The UUID is not visible on a printed e-invoice and is present within the e-invoice XML. An example of a generated UUID is: 061c95fb-d6bb402-e-aa6-24cb09ec1d013. In case of a system error and the generated invoice is not in the complaint format, the regenerated invoice should have the same UUID.

 

  1. Hash: Hash is the digital fingerprint of the invoice and any change in the invoice will generate a different hash. The hashes are generated by a compliant electronic invoicing solution and not visible on the human readable format. A previous invoice hash is also included in the subsequent invoice or note.

 

In a scenario, an invalid invoice or note is generated, the document stays part of the record and its hash is included in the next invoice or note.

An example of previous invoice hash is NWZlY2ViNjZmZmM4NmYzOGQ5NTI3ODZjNmQ2O

TZjNzljMmRiYzIzOWRkNGU5MWI0NjcyOWQ3M2EyN2ZiNTdlOQ==

 

  1. Clearance vs Reporting: The major difference between clearance and reporting process is that clearance is done for standard electronic invoices and respective notes whereas reporting is done for simplified electronic invoices and respective notes.

a. The clearance process requires the sellers/taxpayers to submit the invoices to the ZATCA portal via APIs in real-time and get them validated across several categories of varying level. The approved invoices are then cryptographically stamped and returned to the taxpayers for sharing with the buyers.

 

The above image, sourced from ZATCA’s detailed guidelines document, portrays how the clearance process works

b. Reporting is a near real-time process where the taxpayers need to submit the simplified invoices and their associated notes to the ZATCA portal within 24 hours of issuance. Once the invoices are validated, the taxpayers will get an acknowledgement from the authority through the API.

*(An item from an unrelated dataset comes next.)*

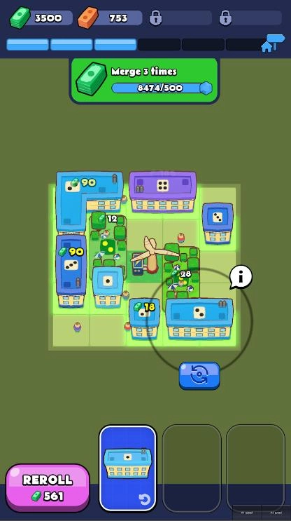 你将化身为一位肩负重任的城镇经理,接管一个不起眼的小镇,并通过策略性地规划和合并建筑物,打造出一座繁荣的城市。游戏将解谜、放置元素与城市建设巧妙结合,带来一种全新的游戏体验。在这款迷人的游戏中,你的目标是最大化城市的资源利用效率,让每一座建筑都发挥出它应有的价值。而随着城市不断发展壮大,新的挑战和目标将接踵而至,激励你不断探索最佳策略。
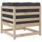 Salon de jardin 4 pcs avec coussins bois de pin massifCet ensemble de canapés de jardin est le complément parfait de votre arrière-cour, terrasse ou patio, offrant un espace confortable et accueillant pour discuter avec la famille et les amis ou simplement se détendre et profiter de l'extérieur. Matériau robuste et durable : le bois de pin massif est connu pour sa résistance et sa durabilité. Ses grains droits et ses noeuds distinctifs contribuent à son charme rustique.Expérience d'assise confortable : ce mobilier d'extérieur, doté de coussins épais, offre une expérience d'assise confortable.Bien ventilé et prévention de l'accumulation d'eau : la conception à lattes favorise une circulation optimale de l'air et empêche efficacement l'accumulation d'eau, assurant ainsi une assise sèche et confortable.Conception modulaire : cet ensemble de meubles d'extérieur a une conception modulaire, ce qui le rend complètement flexible et facile à déplacer, afin que vous puissiez créer un agencement de meubles d'extérieur personnalisé. Bon à savoir :Pour que vos meubles d'extérieur restent beaux, nous vous recommandons de les protéger avec une housse imperméable. Maximum 110 kg par siège. Soyez conscient du risque de feu ouvert et d'autres sources de forte chaleur à proximité de l'appareil.

The above image, sourced from ZATCA’s detailed guidelines document, portrays how the reporting process works.

 

  1. QR Code: A QR code is a machine-readable matrix barcode which enables users to validate the electronic invoices or electronic notes. When a QR code of an electronic invoice is scanned using a QR code scanner or camera of smart devices, they provide details of the transaction like
  • Seller’s Name
  • Seller’ VAT registration number
  • Invoice Total
  • VAT total
  • Time stamp of the invoice (date and time)
  • Cryptographic Stamp (from Integration phase)
  • Hash of the invoice, which links the QR code to the underlying e-Invoice XML in a tamper-proof way (Integration phase)

 

The QR code must be included only for the simplified invoices and their associated notes during the generation phase, whereas during the integration phase QR code needs to be included both for the standard and simplified invoices and associated notes.